08/19/2024 | Press release | Distributed by Public on 08/19/2024 14:44
Establishing strong school partnerships
Mount St. Joseph University has partnered with a local school district to embed early field experiences in local schools. Teacher candidates attend their math methods courses in the local schools taught by Mount St. Joseph faculty. Later in their program, candidates take their structured literacy course with an embedded practicum under the direction of MSJ faculty at the same school with young children recommended by the school's teachers and administration.
The partnership clearly benefits the university by providing professors and candidates with consistent access to real students in real classrooms. However, as in all great partnerships, the district reaps benefits as well. In the early stages, school staff noticed practicum teachers from the program were having a positive impact on students' reading, including students who had long struggled with reading. They collected data and shared it with school leaders. As a result, the curriculum director himself took a training course on the science of reading and has revamped the school's entire approach to reading.
Despite this success, Dr. Saylor explains that her program did not go into the school with an agenda to try to change its instructional approach. Rather, they tried to be supportive and helpful.
"We collaborate closely and purposefully with our school partners, and many of our current relationships feel like true partnerships among colleagues."Dr. Laura Saylor, Mount St. Joseph University
Field experiences early and often
The program seeks to ensure that candidates have numerous opportunities to hone their teaching skills in a range of settings, at least one of which must be in an urban school.
Provide a lesson planning template to guide instruction
The program requires that candidates use a specific lesson planning template. The template first asks candidates to detail standards and important information about students (to set the context), then asks for assessment data to drive instructional decisions.
One notable feature of this template is that the program requires candidates to support their instructional decisions by citing research. The faculty encourage candidates to be very specific in their application of the research. For example, a candidate cannot simply reference "Anita Archer" (who has written on explicit instruction among other topics), but rather needs to be precise about how they plan to implement explicit instructional techniques.
Planning for the lesson's methods comes after all of this initial planning, so the lesson is driven by the standards, students' needs, and students' progress. Lessons must reflect the research, rather than focusing on a fun activity that a teacher found online.

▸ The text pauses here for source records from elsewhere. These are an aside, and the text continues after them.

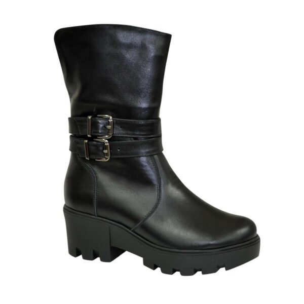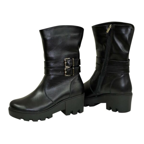 Жіночі шкіряні чобітки чорного кольору декоровані ремінцями на зручній тракторній підошві.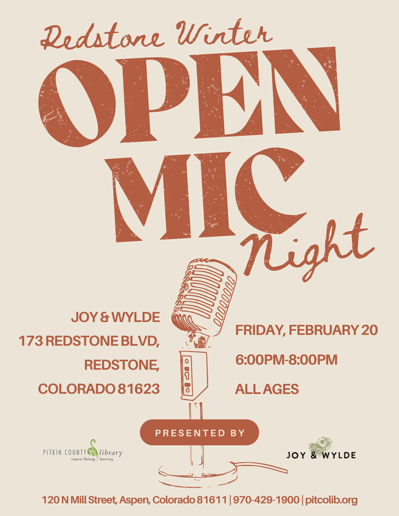 Redstone Winter Open Mic Night Friday, February 20 -- 6:00-8:00 pm Joy & Wylde, Redstone, CO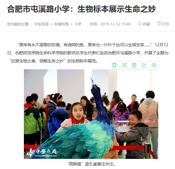 本次标本展得益于beat365在线唯一官网与包河区教体局的战略合作协议,由挂职副校长孙娴老师搭建了合作平台,活动得到了屯小领导班子及广大师生的大力支持,受到了屯小师生的热烈反响。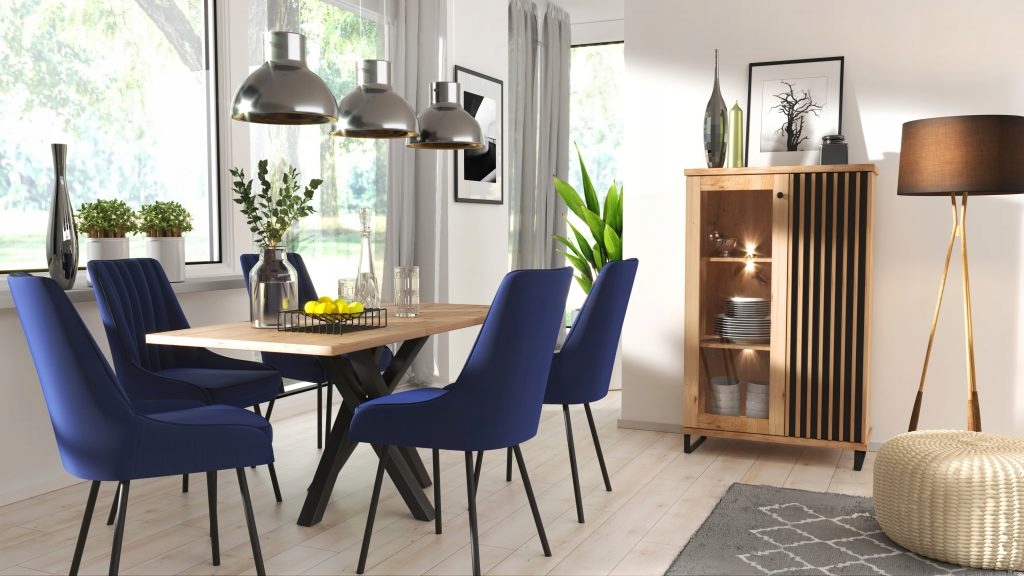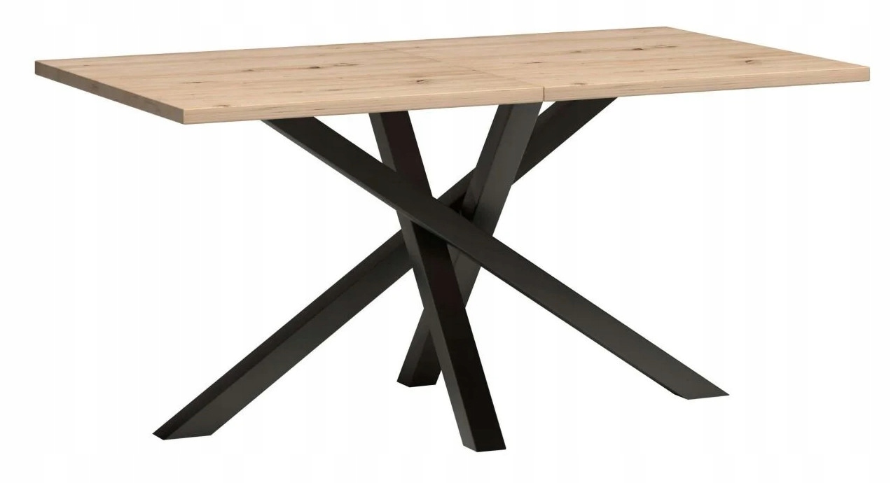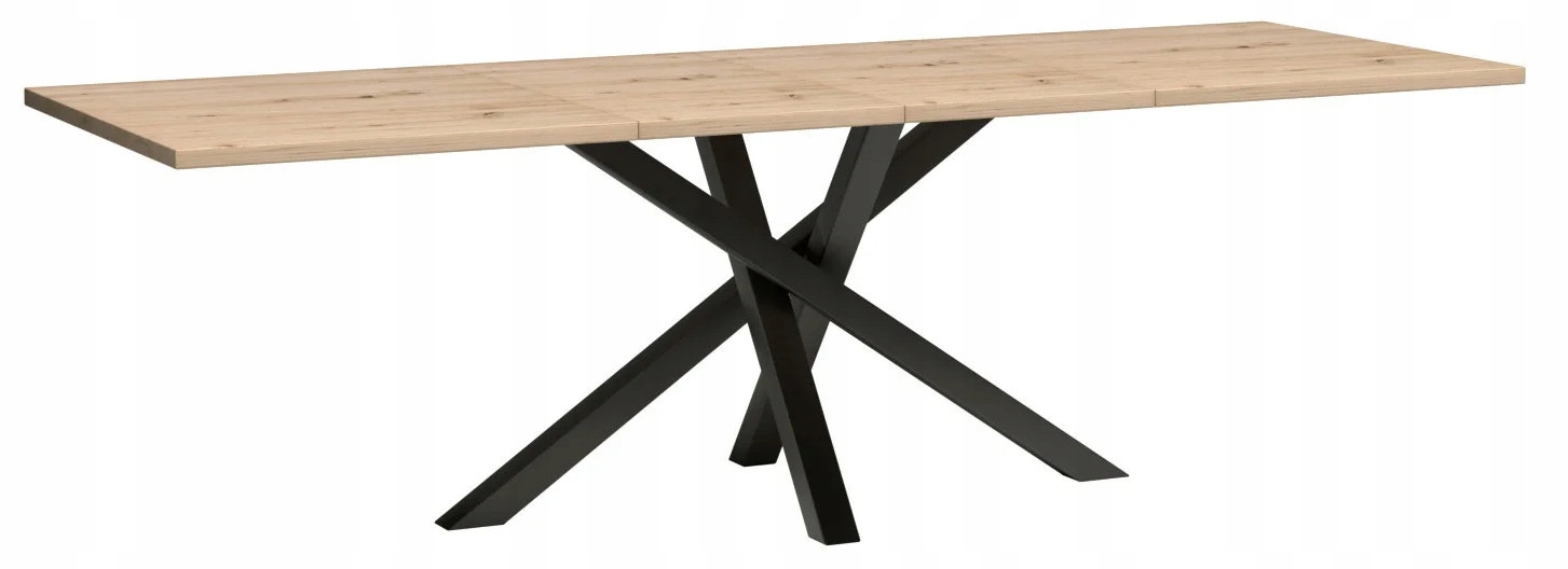 Rozkładany stół z dużym blatem do jadalni, salonu. Nogi są wykonane z metalu, pomalowane proszkowo na czarny kolor. Stół przed rozłożeniem ma długość 160 cm. Korzystając z 2 dołączonych wkładek (50 cm), możemy mieć duży mebel na rodzinne obiady i przyjęcia. Stół rozkłada się aż do rozmiaru 260 cm. Połączenie jasne, naturalnego koloru artisan z czarnymi, metalowymi nogami to dizajnerski sposób na aranżację jadalni. Stół pasuje do nowoczesnych industrialnych, loftowych wnętrz, jaki i klasycznych wystrojów.

Observation instrument aligned with expectations for in-service teachers
The program developed an observation instrument known as the Dispositional, Instructional, Content-Specific Evaluation (DICE). This instrument addresses the same topics as the state's observation instrument for in-service teachers but with modified expectations more appropriate for student teachers. Candidates are rated on a five-point scale (zero to four). Earning a four means someone is a top student teacher, equivalent to a good novice teacher in the field (rather than being equivalent to a highly effective veteran teacher).
The program is also careful to protect against score inflation on the DICE; they warn candidates that they're not going to get scores of three or four on their first observations. They've found that cooperating teachers and supervisors also want to give higher scores than are warranted, and so have to push them to score more accurately, since doing so supports candidates' improvement. The goal is to encourage growth. To ensure accurate scoring, the program offers in-person training for cooperating teachers and program supervisors on how to use the observation instrument and makes a recorded training available online as well. All observers complete a sample observation; if the scores aren't accurate, the program keeps working with them.